WHAT IS BEING ASKED — For every line below, restate it exactly and drop the images.

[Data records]
▬▬▬

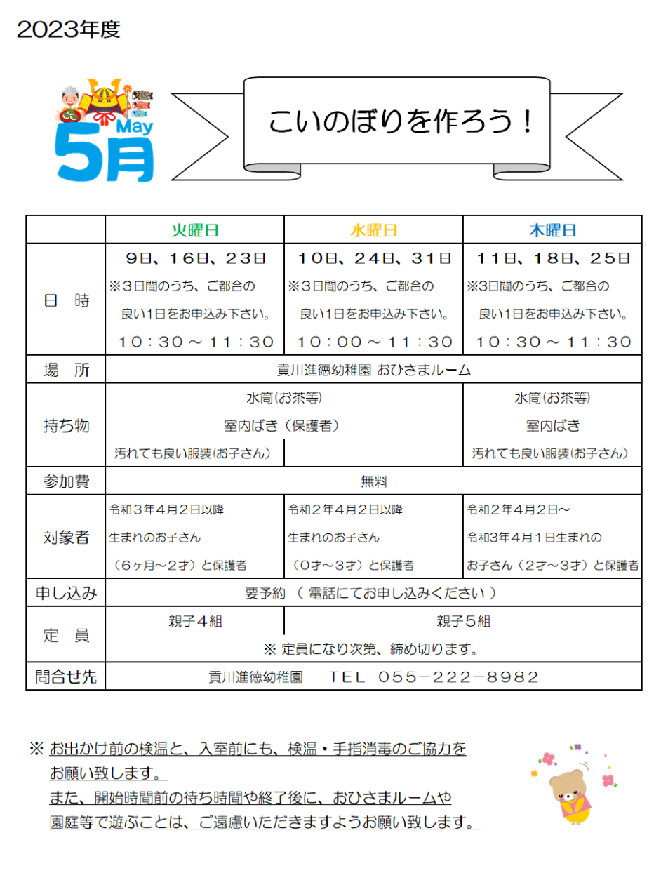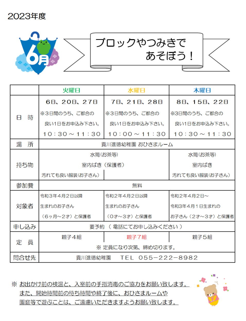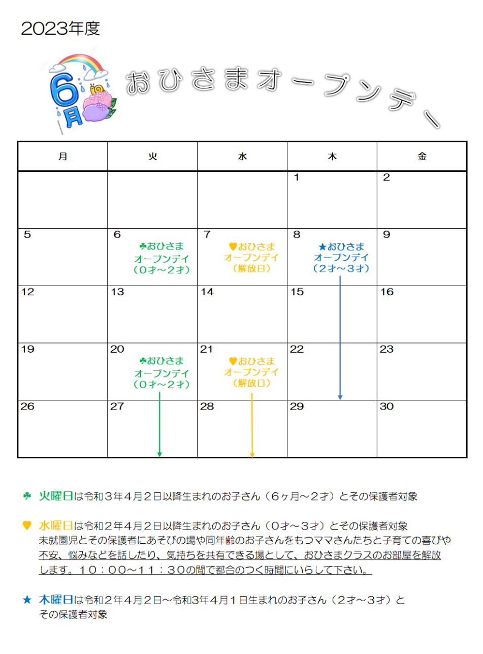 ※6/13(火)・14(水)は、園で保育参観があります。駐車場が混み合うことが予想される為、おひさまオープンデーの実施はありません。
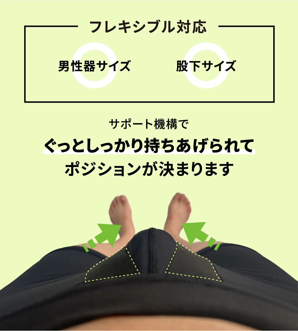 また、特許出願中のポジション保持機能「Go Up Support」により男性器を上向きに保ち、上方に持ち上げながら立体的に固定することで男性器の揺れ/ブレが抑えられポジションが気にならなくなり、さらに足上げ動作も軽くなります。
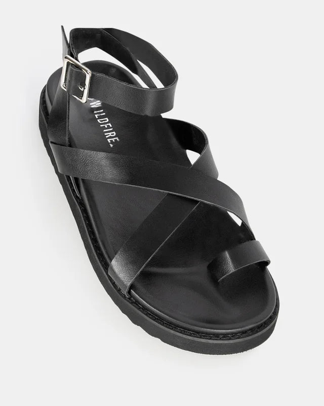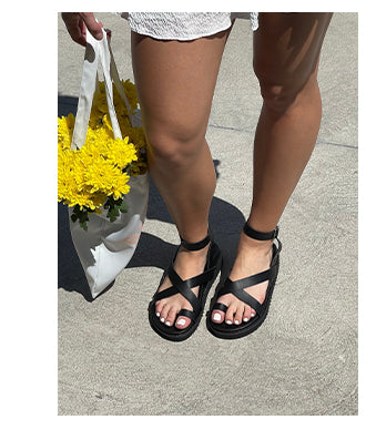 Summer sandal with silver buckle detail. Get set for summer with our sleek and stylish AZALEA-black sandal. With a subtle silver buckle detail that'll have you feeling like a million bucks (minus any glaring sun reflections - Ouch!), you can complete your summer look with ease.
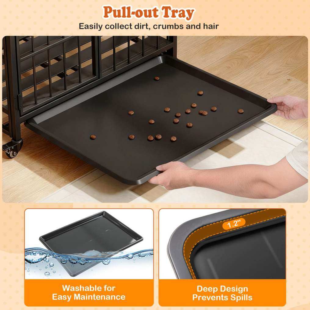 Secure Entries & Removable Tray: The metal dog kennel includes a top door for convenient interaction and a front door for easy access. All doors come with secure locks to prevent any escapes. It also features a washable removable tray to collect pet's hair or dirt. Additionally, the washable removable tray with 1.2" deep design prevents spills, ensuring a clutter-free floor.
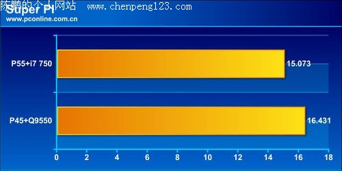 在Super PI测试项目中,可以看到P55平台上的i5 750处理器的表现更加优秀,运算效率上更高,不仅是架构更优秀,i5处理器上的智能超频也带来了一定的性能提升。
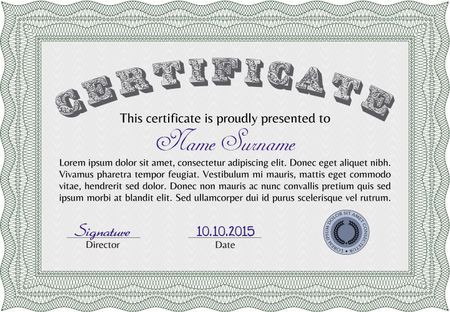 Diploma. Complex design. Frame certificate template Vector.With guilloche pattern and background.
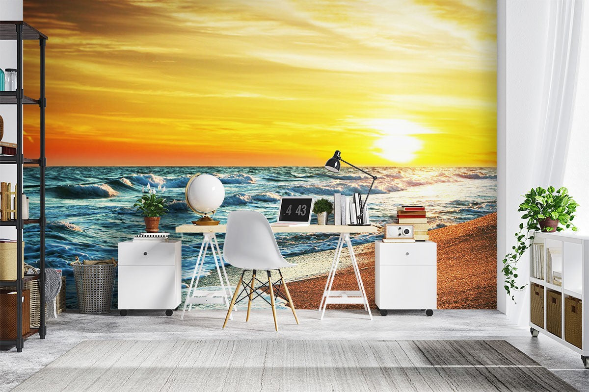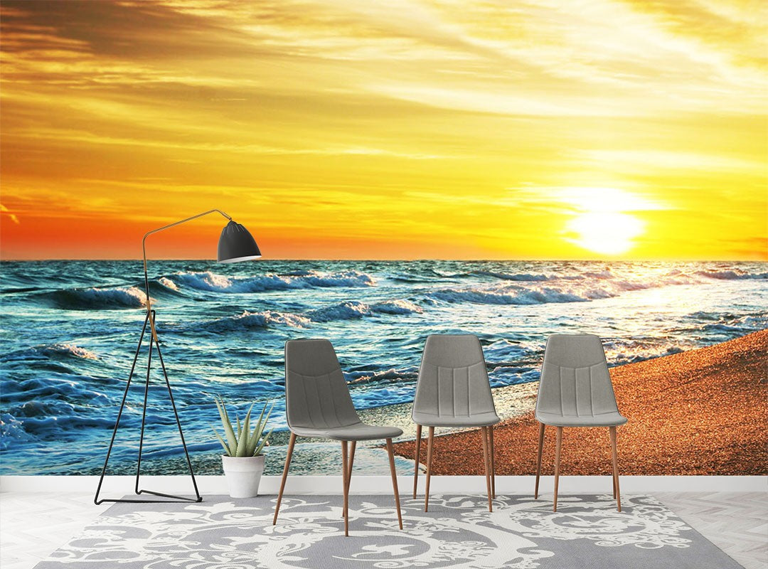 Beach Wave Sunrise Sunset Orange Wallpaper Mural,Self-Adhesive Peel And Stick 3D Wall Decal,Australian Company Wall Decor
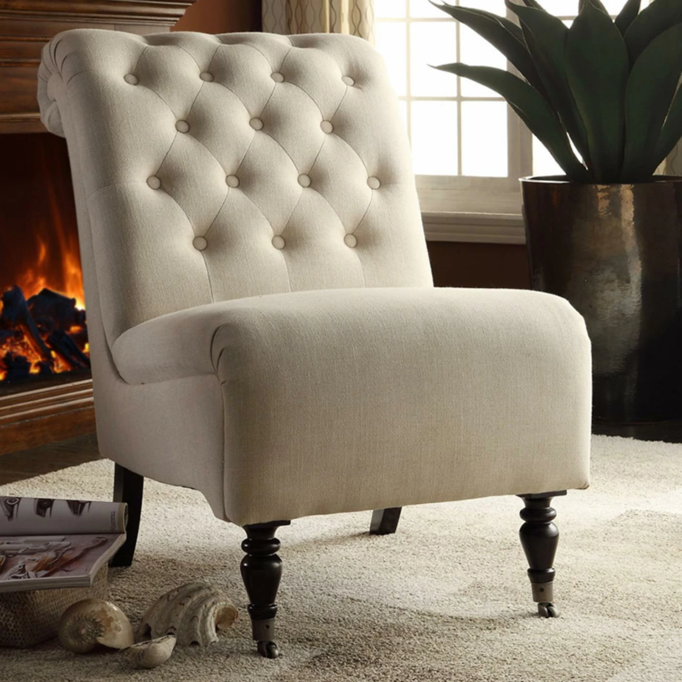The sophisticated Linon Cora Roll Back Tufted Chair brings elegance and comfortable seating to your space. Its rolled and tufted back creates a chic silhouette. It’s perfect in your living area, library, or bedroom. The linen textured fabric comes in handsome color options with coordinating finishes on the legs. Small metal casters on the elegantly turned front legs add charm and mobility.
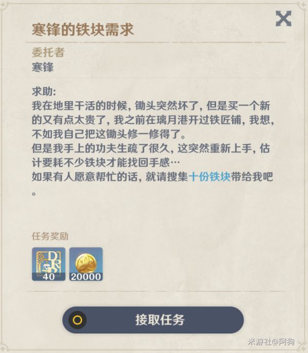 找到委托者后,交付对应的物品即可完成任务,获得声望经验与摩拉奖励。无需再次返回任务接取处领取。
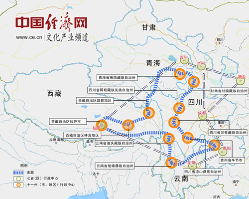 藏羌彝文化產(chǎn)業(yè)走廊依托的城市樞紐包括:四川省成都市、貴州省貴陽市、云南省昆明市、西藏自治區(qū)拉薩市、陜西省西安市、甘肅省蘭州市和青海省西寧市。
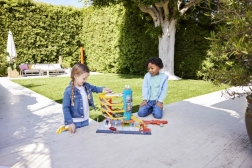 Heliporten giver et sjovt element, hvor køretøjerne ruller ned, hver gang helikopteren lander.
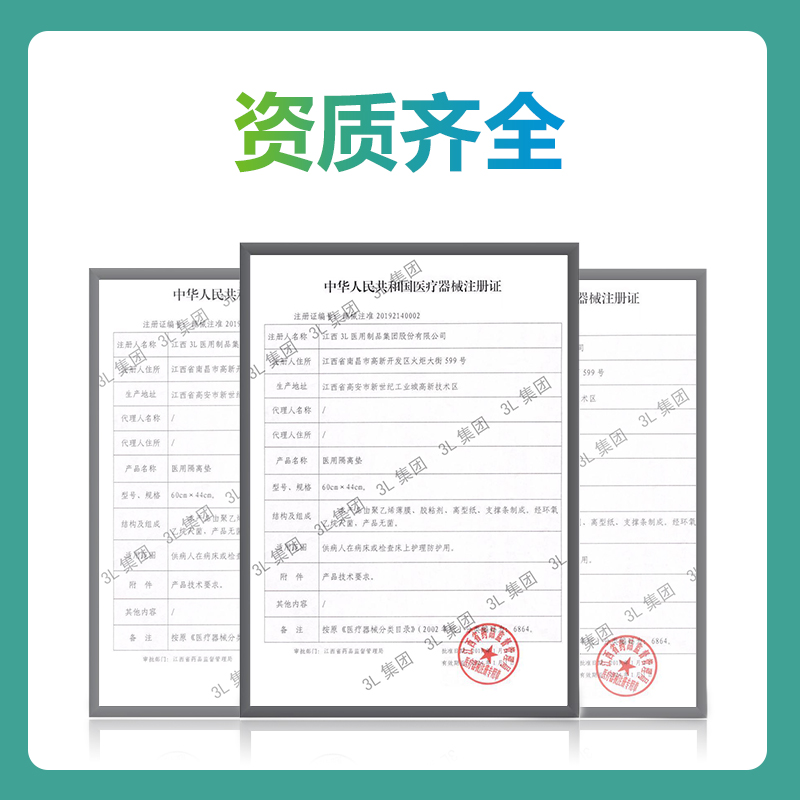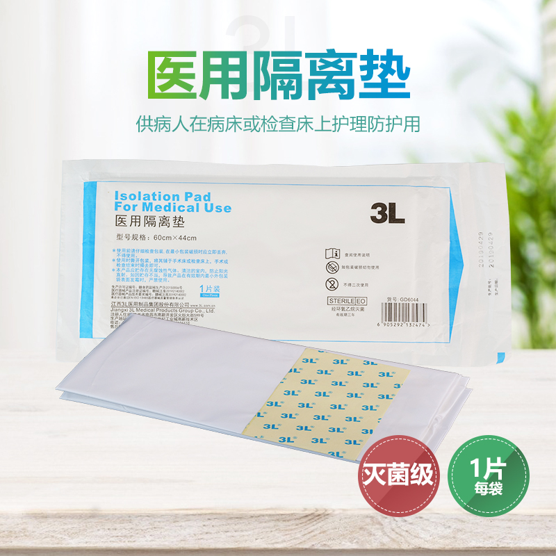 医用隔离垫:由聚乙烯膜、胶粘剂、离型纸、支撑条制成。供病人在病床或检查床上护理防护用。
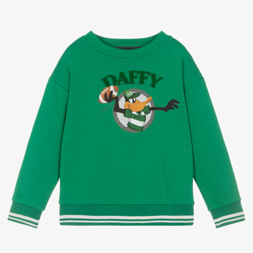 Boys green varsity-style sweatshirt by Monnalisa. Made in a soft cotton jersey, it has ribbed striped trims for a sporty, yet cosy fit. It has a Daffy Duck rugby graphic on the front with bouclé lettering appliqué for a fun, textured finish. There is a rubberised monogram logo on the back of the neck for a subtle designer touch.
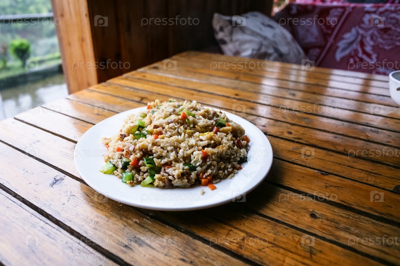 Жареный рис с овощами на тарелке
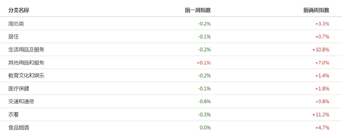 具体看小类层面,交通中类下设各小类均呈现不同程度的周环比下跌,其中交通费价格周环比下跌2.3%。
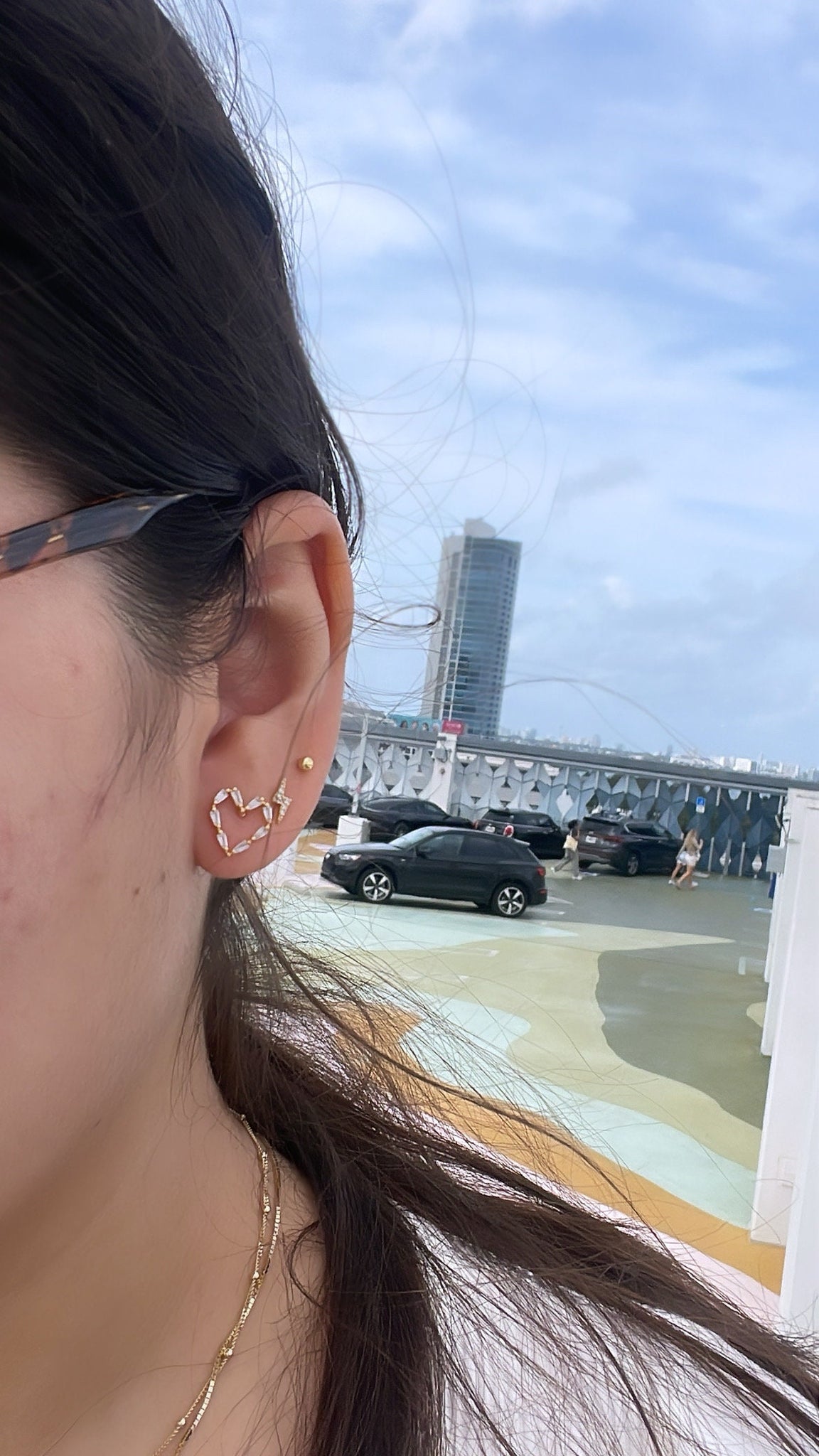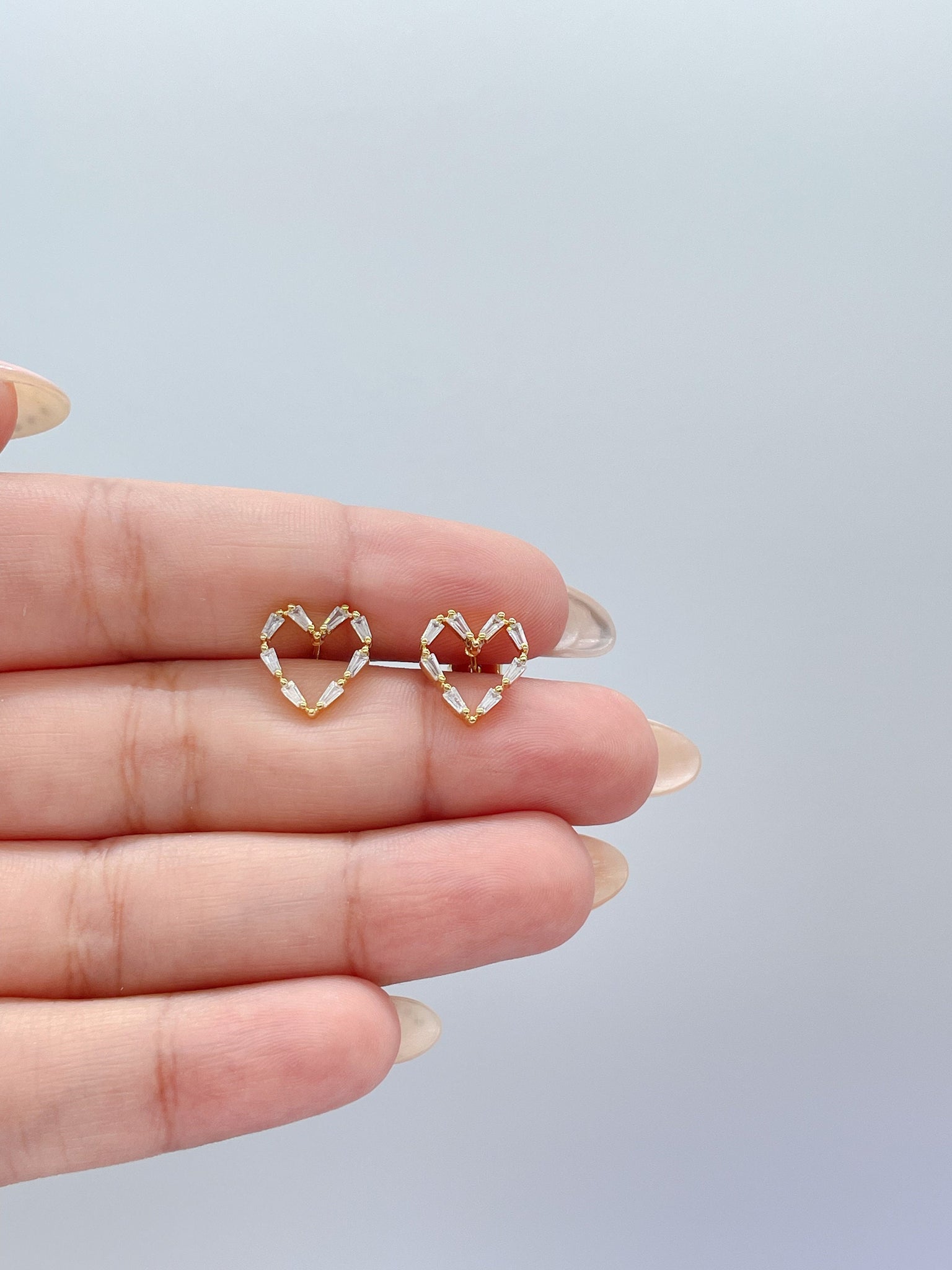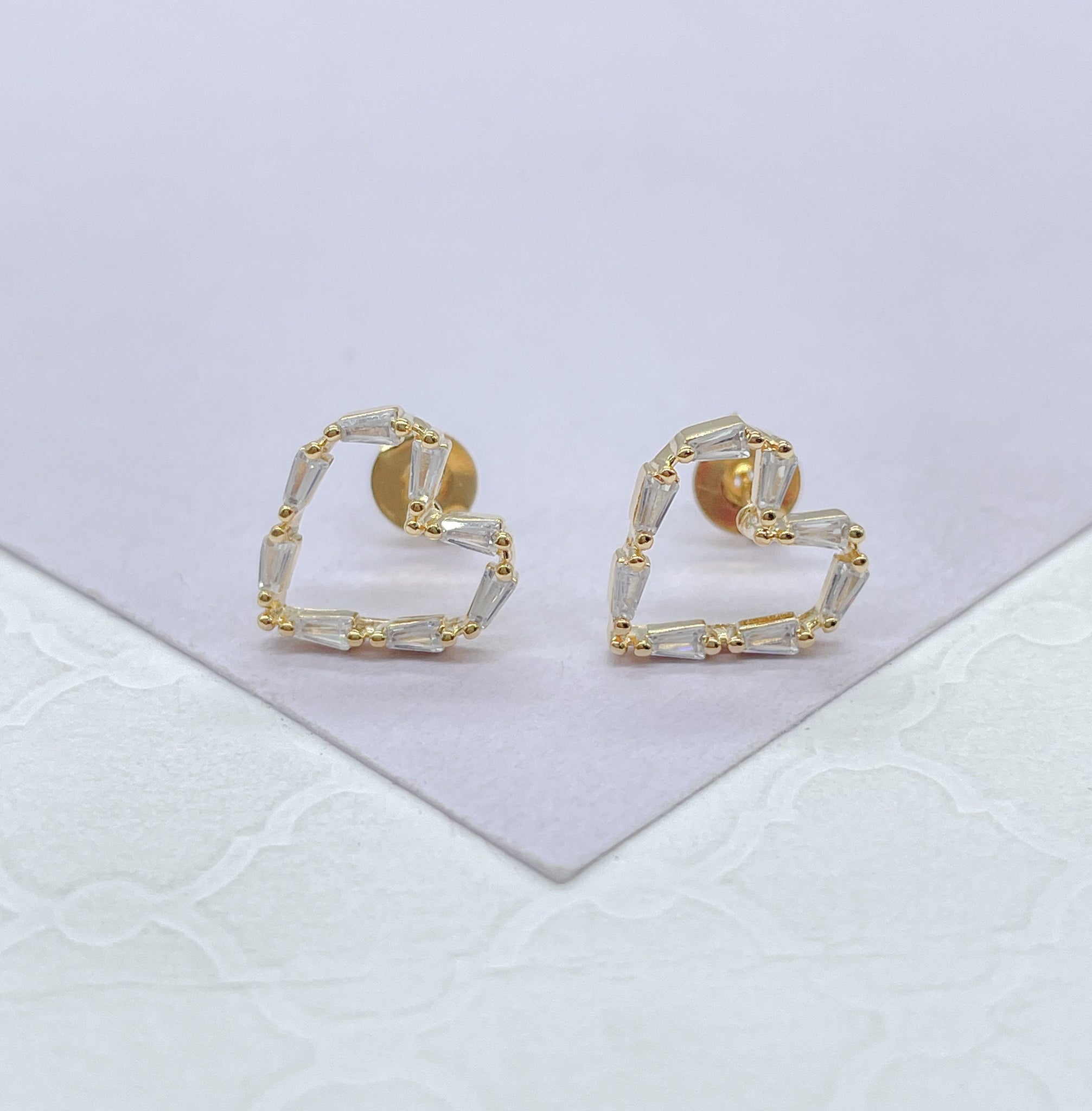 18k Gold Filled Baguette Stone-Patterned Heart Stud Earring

▬▬▬

SOLUTION TO THE PROBLEM —
 ※6/13(火)・14(水)は、園で保育参観があります。駐車場が混み合うことが予想される為、おひさまオープンデーの実施はありません。
 また、特許出願中のポジション保持機能「Go Up Support」により男性器を上向きに保ち、上方に持ち上げながら立体的に固定することで男性器の揺れ/ブレが抑えられポジションが気にならなくなり、さらに足上げ動作も軽くなります。
 Summer sandal with silver buckle detail. Get set for summer with our sleek and stylish AZALEA-black sandal. With a subtle silver buckle detail that'll have you feeling like a million bucks (minus any glaring sun reflections - Ouch!), you can complete your summer look with ease.
 Secure Entries & Removable Tray: The metal dog kennel includes a top door for convenient interaction and a front door for easy access. All doors come with secure locks to prevent any escapes. It also features a washable removable tray to collect pet's hair or dirt. Additionally, the washable removable tray with 1.2" deep design prevents spills, ensuring a clutter-free floor.
 在Super PI测试项目中,可以看到P55平台上的i5 750处理器的表现更加优秀,运算效率上更高,不仅是架构更优秀,i5处理器上的智能超频也带来了一定的性能提升。
 Diploma. Complex design. Frame certificate template Vector.With guilloche pattern and background.
 Beach Wave Sunrise Sunset Orange Wallpaper Mural,Self-Adhesive Peel And Stick 3D Wall Decal,Australian Company Wall Decor
The sophisticated Linon Cora Roll Back Tufted Chair brings elegance and comfortable seating to your space. Its rolled and tufted back creates a chic silhouette. It’s perfect in your living area, library, or bedroom. The linen textured fabric comes in handsome color options with coordinating finishes on the legs. Small metal casters on the elegantly turned front legs add charm and mobility.
 找到委托者后,交付对应的物品即可完成任务,获得声望经验与摩拉奖励。无需再次返回任务接取处领取。
 藏羌彝文化產(chǎn)業(yè)走廊依托的城市樞紐包括:四川省成都市、貴州省貴陽市、云南省昆明市、西藏自治區(qū)拉薩市、陜西省西安市、甘肅省蘭州市和青海省西寧市。
 Heliporten giver et sjovt element, hvor køretøjerne ruller ned, hver gang helikopteren lander.
 医用隔离垫:由聚乙烯膜、胶粘剂、离型纸、支撑条制成。供病人在病床或检查床上护理防护用。
 Boys green varsity-style sweatshirt by Monnalisa. Made in a soft cotton jersey, it has ribbed striped trims for a sporty, yet cosy fit. It has a Daffy Duck rugby graphic on the front with bouclé lettering appliqué for a fun, textured finish. There is a rubberised monogram logo on the back of the neck for a subtle designer touch.
 Жареный рис с овощами на тарелке
 具体看小类层面,交通中类下设各小类均呈现不同程度的周环比下跌,其中交通费价格周环比下跌2.3%。
 18k Gold Filled Baguette Stone-Patterned Heart Stud Earring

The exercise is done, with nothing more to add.